Unlike the original Attitude Era set, Vol. 2 takes the form of a match compilation, originally presented by the dull flannel that is Michael Cole, whilst a series of interviews are placed in between the matches. Sometimes the interviews connect nicely with the following match, such as Sunny talking about managing LOD 2000 before a LOD 2000 bout or Mark Henry introducing a series of vignettes demonstrating the "Sexual Chocolate" gimmick. However, there is a number of the interviews that feel very thrown together, as if these are parts of interviews that WWE Home Video simply had knocking around from previous sets, such as Chris Jericho talking about his WWE debut, after we've just seen a Chris Jericho match on the set and a completely random story from Ron Simmons. There's also a real lack of star power in terms of interviews, with short clips of The Rock and Chris Jericho the only real appearances from major stars, and whilst it is nice to hear from guys like The Godfather and X-Pac, having the majority of the main event stars missing does give this set a slightly second rate feel. Throw into the mix the random clippings of interviews and it's difficult to feel that this set has been given the love and attention that it needed. The presentation really let's it down.

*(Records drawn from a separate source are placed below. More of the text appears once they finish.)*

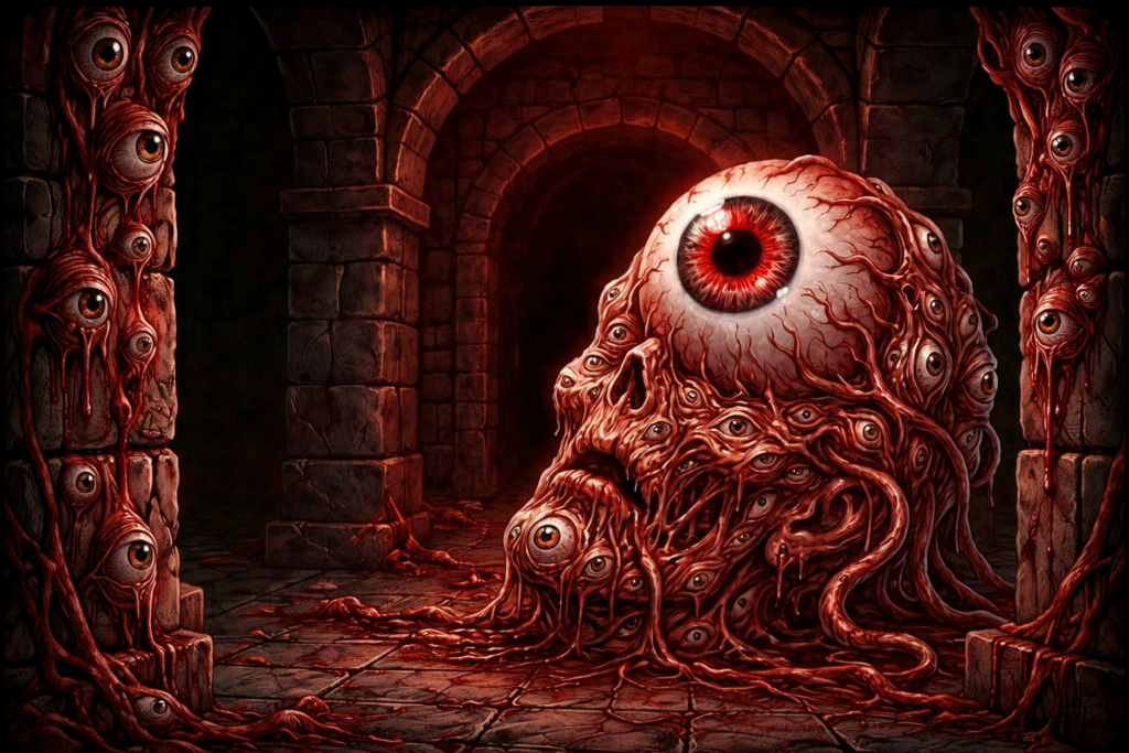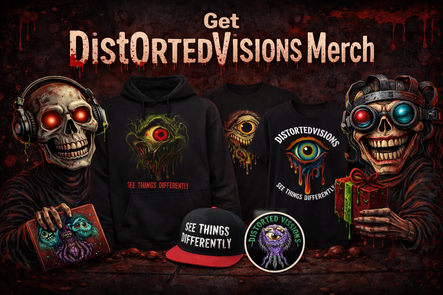 The designs you see here aren’t just “merch”—they are fragments of a fractured reality. From the Dripping Eye to our most recent macabre drops, every piece is built for those who choose to see things differently.
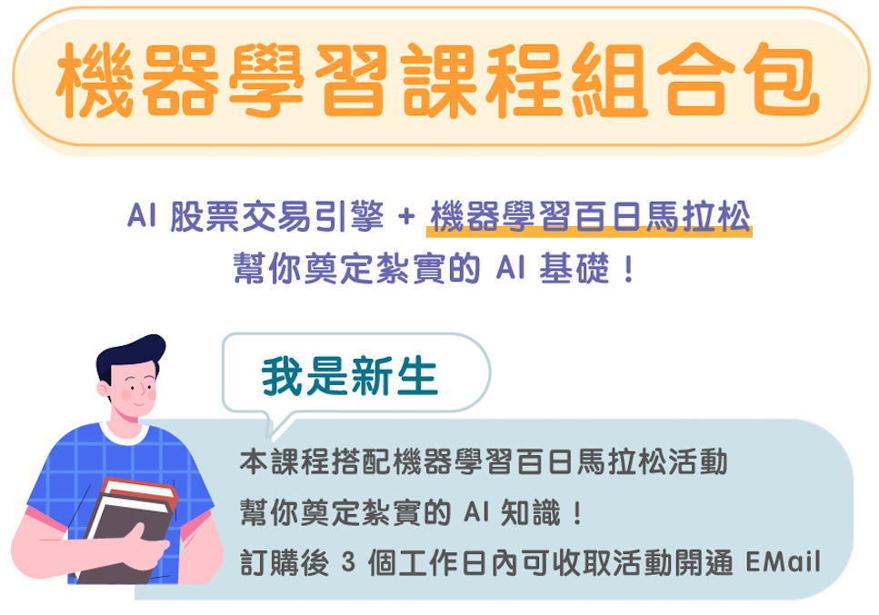 對於想應用 AI 技術於股票交易程式的同學,本課程超值加贈「機器學習百日馬拉松」(價值$ 1,990),提供 1+1 豐富的訓練課程,帶你學習 AI 底層知識。當你具備了紮實的機器學習基礎知識,將能更全面地打造與調校專屬個人的股票現金製造機。
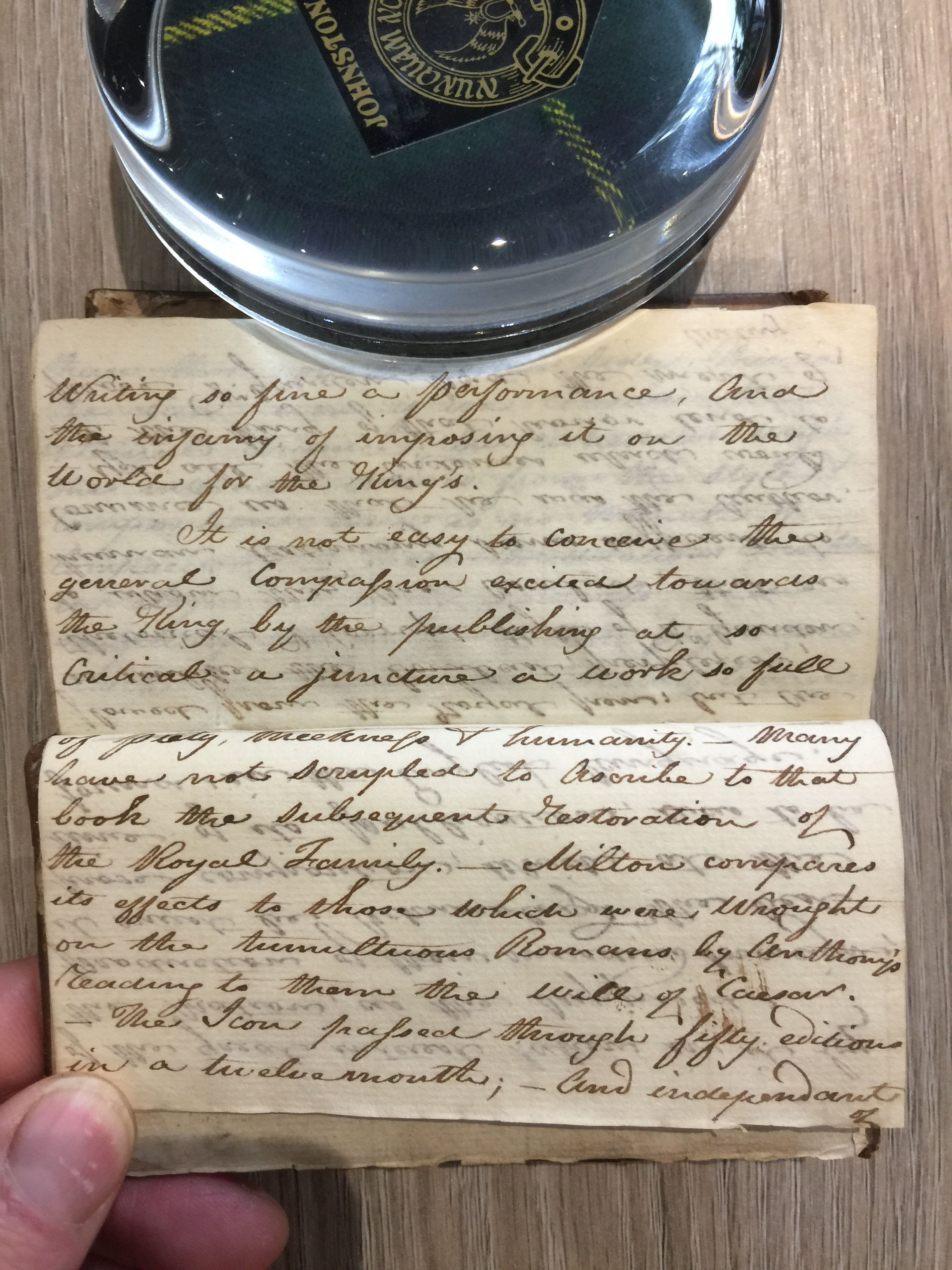There are hand written notes at the back of the book (see photos). These are taken from Hume's "History of England". David Hume was the Scottish Enlightenment philosopher, historian, economist, librarian and essayist, and he discusses the Eikon Basilike.
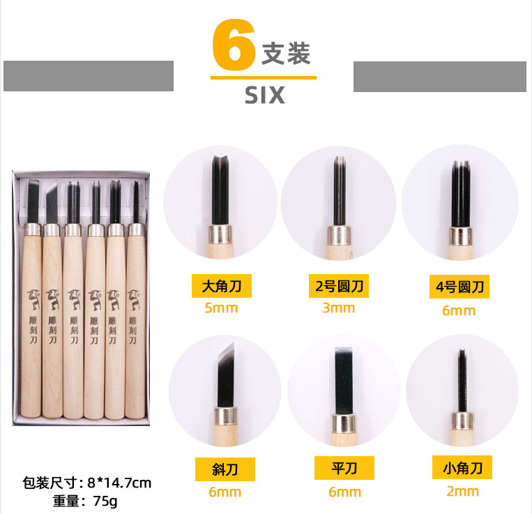商品名称:啄木鸟木刻刀套装6支装(单位:套)
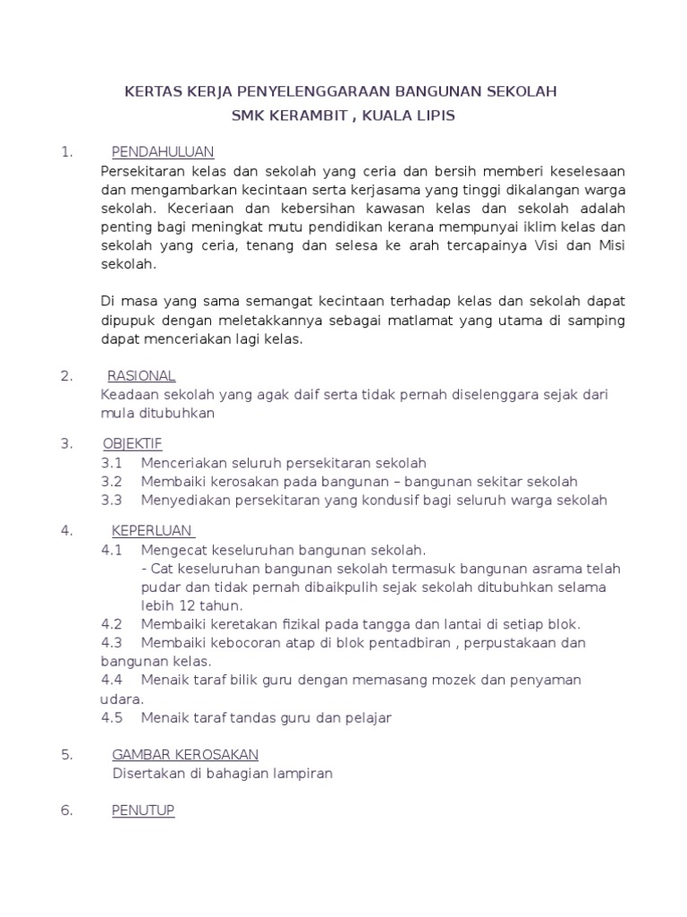 0 0 menganggap dokumen ini bermanfaat Tandai dokumen ini sebagai bermanfaat. KERJA-KERJA MEMBAIK PULIH TAMAN POKET DESA AMAN DI JALAN ABC BANDAR PQR. KERTAS KERJA PENAMBAHBAIKAN INFRASTRUKTURTANDAS SEKOLAH SERTA KESELAMATAN MURID 10 PENGENALAN Sekolah Kebangsaan Rompin meupakan salah satu sekolah yang terbesar yang ada didalam kawasan DUN Jeram Padang.
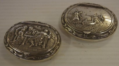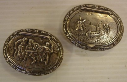 both embossed with traditional scenes, both stamped to base, 42grams -
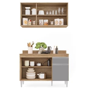 Conteúdo da Embalagem: 1 Balcão com tampo, 1 Armário Aéreo.
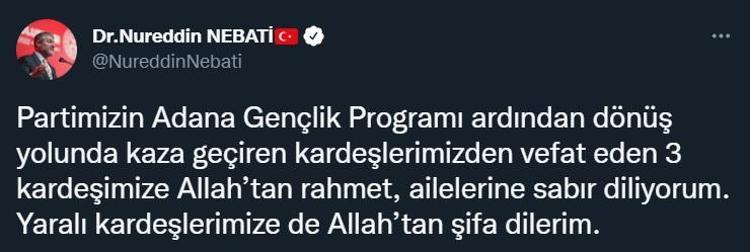 Hazine ve Maliye Bakanı Nureddin Nebati ise şu açıklamayı yaptı:"Partimizin Adana Gençlik Programı ardından dönüş yolunda kaza geçiren kardeşlerimizden vefat eden 3 kardeşimize Allah'tan rahmet, ailelerine sabır diliyorum. Yaralı kardeşlerimize de Allah'tan şifa dilerim."
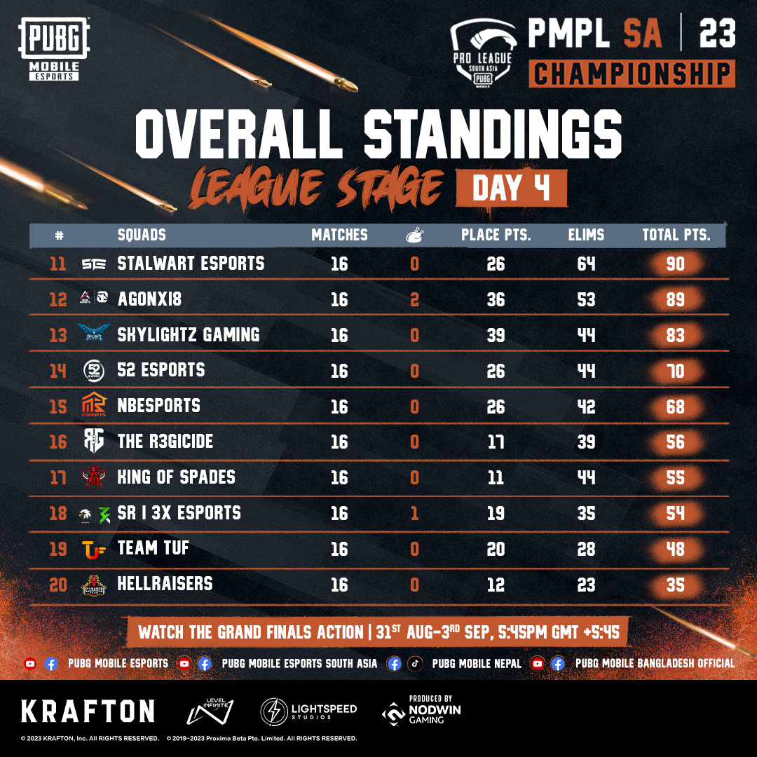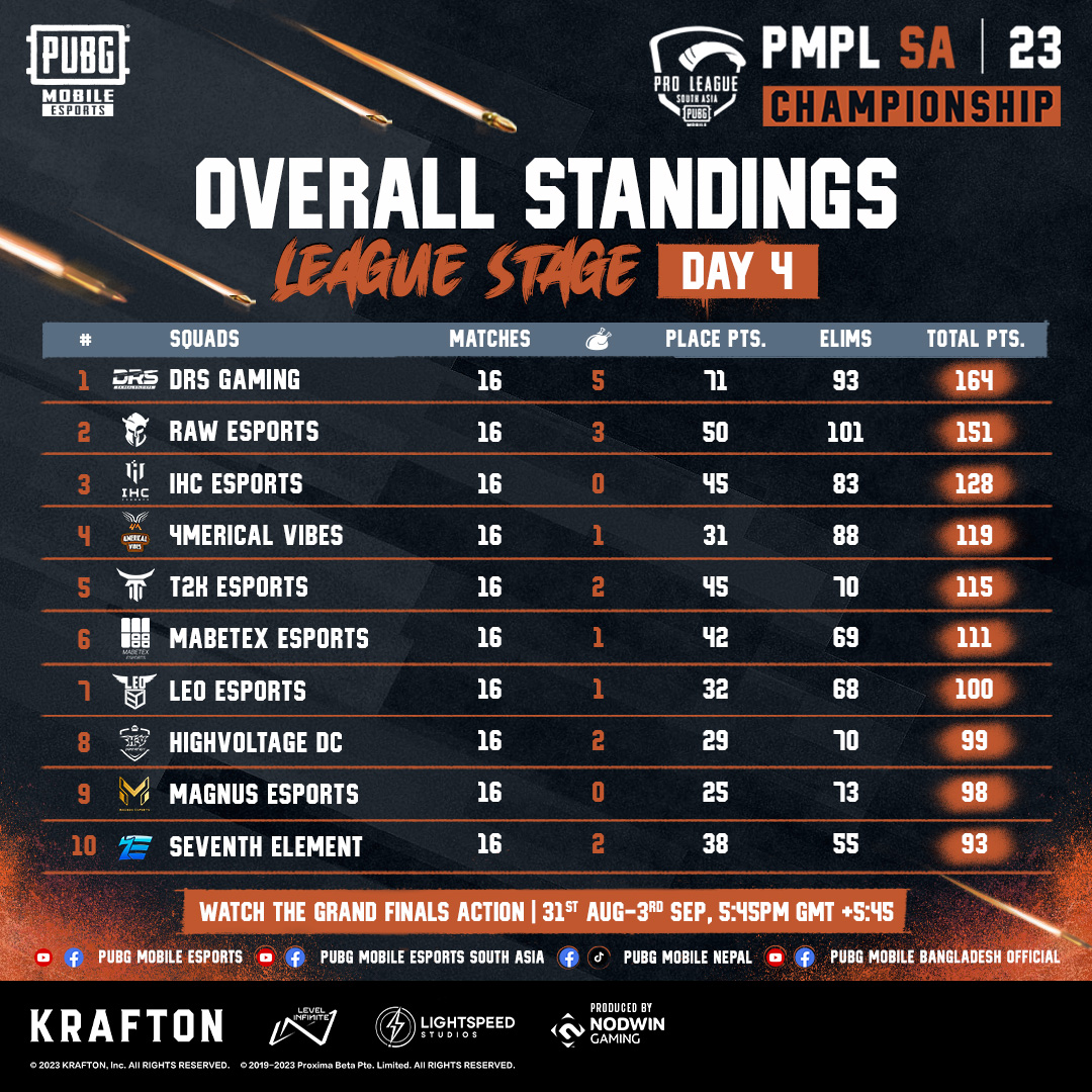 लिग चरणको दोस्रो स्थानमा पनि नेपाली टिम रअ इस्पोर्ट्स रहन सफल भएको छ। रअले १५१ प्वाइन्ट प्राप्त गर्दै दोस्रो भएको हो। रअले तीन चिकेन डिनर सहित ५० प्लेसमेन्ट र १०१ इलिमिनेसन प्वाइन्ट प्राप्त गरेको थियो।
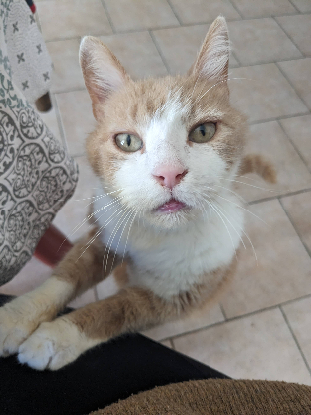 J'aime être en présence de l'humain. Je ronronne comme un tracteur lorsque je me pose sur les jambes des humains et cela peut durer des heures... J'adore le contact !Je m'entends bien avec les enfants.
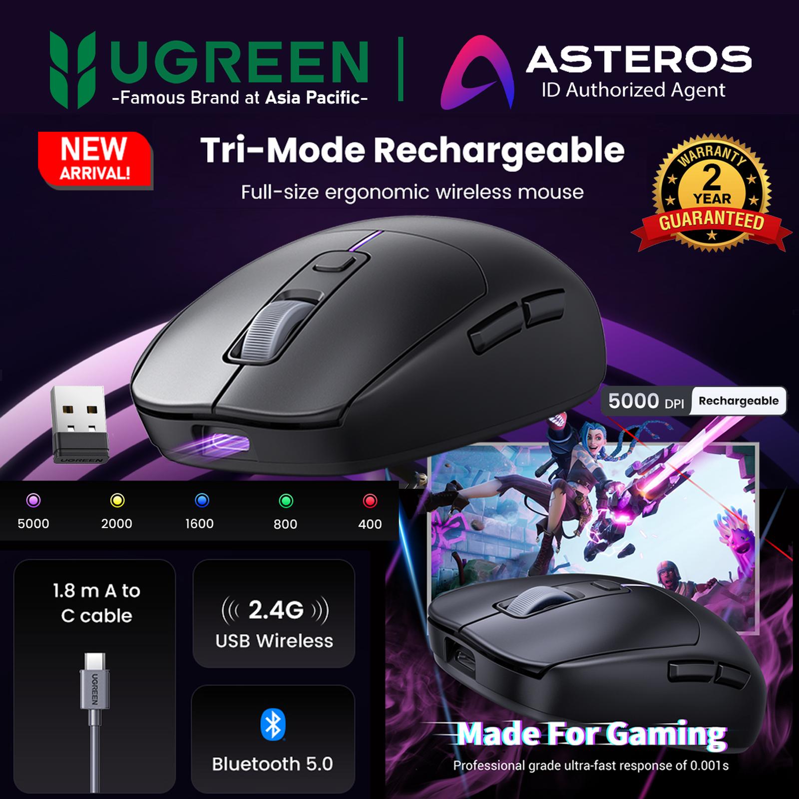UGREEN Official Store - Mouse Gaming Wireless Bluetooth 5.0 Tri-Mode Rechargeable Ergonomic 90539 Original

|Mike Tyson - Not on this set (but part of the press pack, so there)|
The Matches and Segments
The set kicks off with a Bikini Contest from the 1997 Slammy Awards, with Sable, Marlena and The Funkettes, to get over that the Attitude Era was all about frustrated teenage boys. Vince McMahon on commentary is hilarious with quips such as "She is looking mighty fine" being the pick of the bunch. Luckily, we get some wrestling next as Owen Hart and Shawn Michaels battle on a December 1997 episode of Raw. It's a grudge match style bout, happening a mere month after the Montreal Screwjob, with some great wrestling sequences and Hart's offence looking superb, this is a decent TV match and a good way to start the wrestling content. The New Age Outlaws take on the team of Cactus Jack and Chainsaw Charlie on a January 1998 Raw in a basic and dull brawl, that is almost saved by the everything going nuts after the match.
Strangely, the sets chronological order is broken as we jump back to Royal Rumble (surely helping the case that this set was thrown together) as Rocky Maivia and Ken Shamrock tangle in a decent Intercontinental Championship match. Raw in April teases Steve Austin vs. Mr. McMahon with a shit tonne of stalling, it never delivers what it promises but the swerve is still entertaining to watch. A few weeks later Triple H teams with The New Age Outlaws against LOD 2000 and Owen Hart in a fun six man tag, that's structured to play to the strengths of each man in the match. Again, everything Owen does looks flawless.
|Jerry Lawler talks about breasts.|
June segment from Raw see's D Generation X head to New York to promote SummerSlam in an uncomfortable segment that is chock-full of racist and sexist verbiage. Maybe not the best segment to include at time when the WWE (and specifically Triple H) have had claims of racism sent their way. A month later, Mankind and "Kane" battle to become Number One Contender to the WWF Championship, complete with Kane's red lighting! It's quick and swervy with an infamous finish, one of the iconic moments of the Attitude Era here. Just as iconic as this are Sable's breasts, which are on display in a bikini contest against Jacqueline from Fully Loaded. Jerry Lawler presents the contest, acting in the role of 13 year old boy seeing a breast for the first time.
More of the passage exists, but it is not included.